*Information given*:
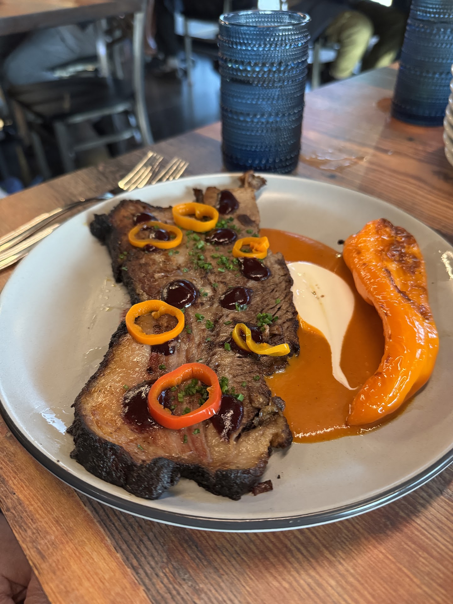 The smoked brisket hummus was also incredible. With the smooth and creamy hummus paired with the richness and bold flavors of the smoked brisket. I’m used to barbecue sauce on my brisket, but I cannot think of a better alternative to Terry Blacks barbecue sauce than this hummus.
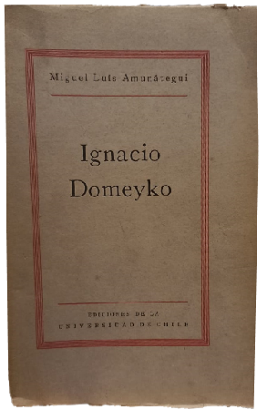 () - Santiago de Chile - Homenaje de la Universidad de Chile a Ignacio Domeyko 1802-1952 - Contiene 142 páginas - Encuadernación rústica - Leve desgaste en lomo, perímetros y puntas - Lomo con leve falta de material - Firma y timbre de agua de dueño anterior en hoja de respeto - Buen estado |
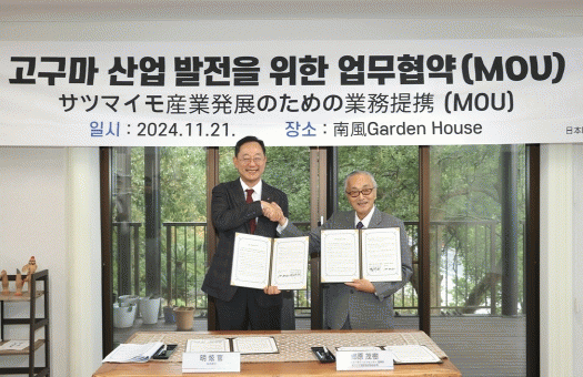특히 고구마 재배와 가공 판매를 비롯해 고구마 산업의 관광문화 발전을 위한 상호 정보교류와 협력을 통해 고구마를 활용한 융복합산업 발전에 협력해 나가기로 했다.
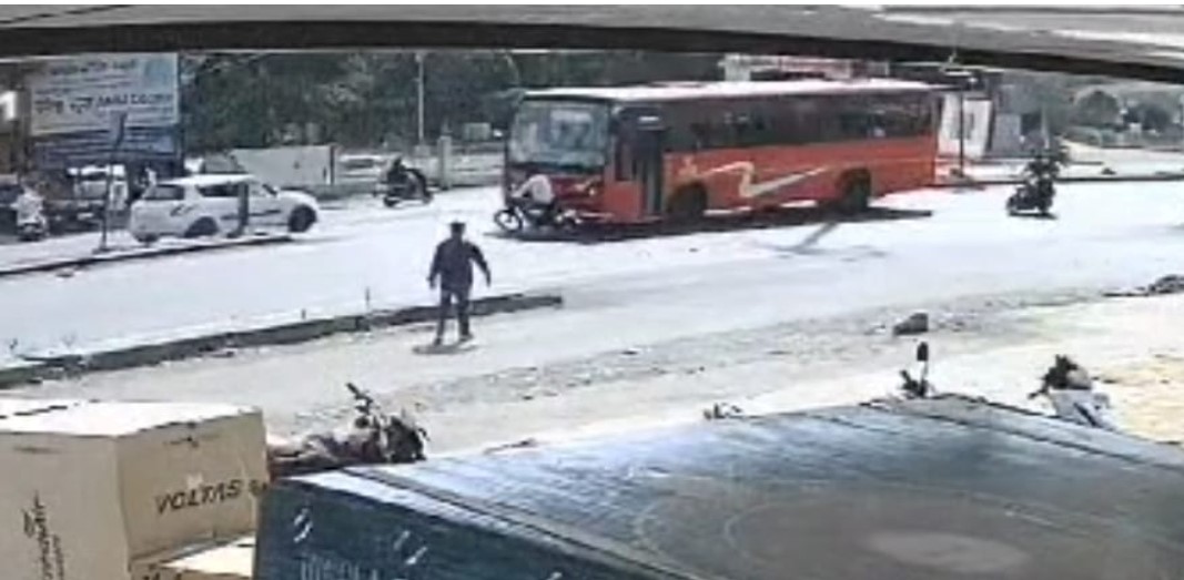 लोणी काळभोर : पुणे -सोलापूर राष्ट्रीय महामार्गावर बस व दुचाकीचा अपघात झाल्याची घटना घडली आहे. ही घटना कदमवाकवस्ती (ता. हवेली) ग्रामपंचायत हद्दीतील कवडीरस्ता चौकात सोमवारी (ता. 14) दुपारी सव्वा तीन वाजण्याच्या सुमारास घडली आहे. या अपघातात दुचाकीस्वार गंभीर जखमी झाला आहे. तर या अपघाताचा व्हिडीओ सोशल मिडीयावर व्हायरल झाला आहे.
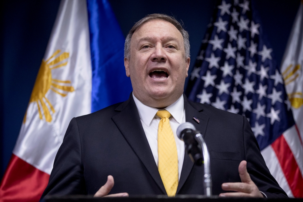 U.S. Secretary of State Mike Pompeo speaks during a news conference with Philippines Foreign Secretary Teodoro Locsin Jr. at the Philippines Department of Foreign Affairs Home Office in Manila, Philippines, Friday, March 1, 2019. Andrew Harnik/Pool via REUTERS

*What needs to be done*: Reproduce, without alteration and without pictures, only those lines that lie between the first line of the entries above and the line containing "लोणी काळभोर : पुणे", both of them included.

*Exercise result*:
 The smoked brisket hummus was also incredible. With the smooth and creamy hummus paired with the richness and bold flavors of the smoked brisket. I’m used to barbecue sauce on my brisket, but I cannot think of a better alternative to Terry Blacks barbecue sauce than this hummus.
 () - Santiago de Chile - Homenaje de la Universidad de Chile a Ignacio Domeyko 1802-1952 - Contiene 142 páginas - Encuadernación rústica - Leve desgaste en lomo, perímetros y puntas - Lomo con leve falta de material - Firma y timbre de agua de dueño anterior en hoja de respeto - Buen estado |
특히 고구마 재배와 가공 판매를 비롯해 고구마 산업의 관광문화 발전을 위한 상호 정보교류와 협력을 통해 고구마를 활용한 융복합산업 발전에 협력해 나가기로 했다.
 लोणी काळभोर : पुणे -सोलापूर राष्ट्रीय महामार्गावर बस व दुचाकीचा अपघात झाल्याची घटना घडली आहे. ही घटना कदमवाकवस्ती (ता. हवेली) ग्रामपंचायत हद्दीतील कवडीरस्ता चौकात सोमवारी (ता. 14) दुपारी सव्वा तीन वाजण्याच्या सुमारास घडली आहे. या अपघातात दुचाकीस्वार गंभीर जखमी झाला आहे. तर या अपघाताचा व्हिडीओ सोशल मिडीयावर व्हायरल झाला आहे.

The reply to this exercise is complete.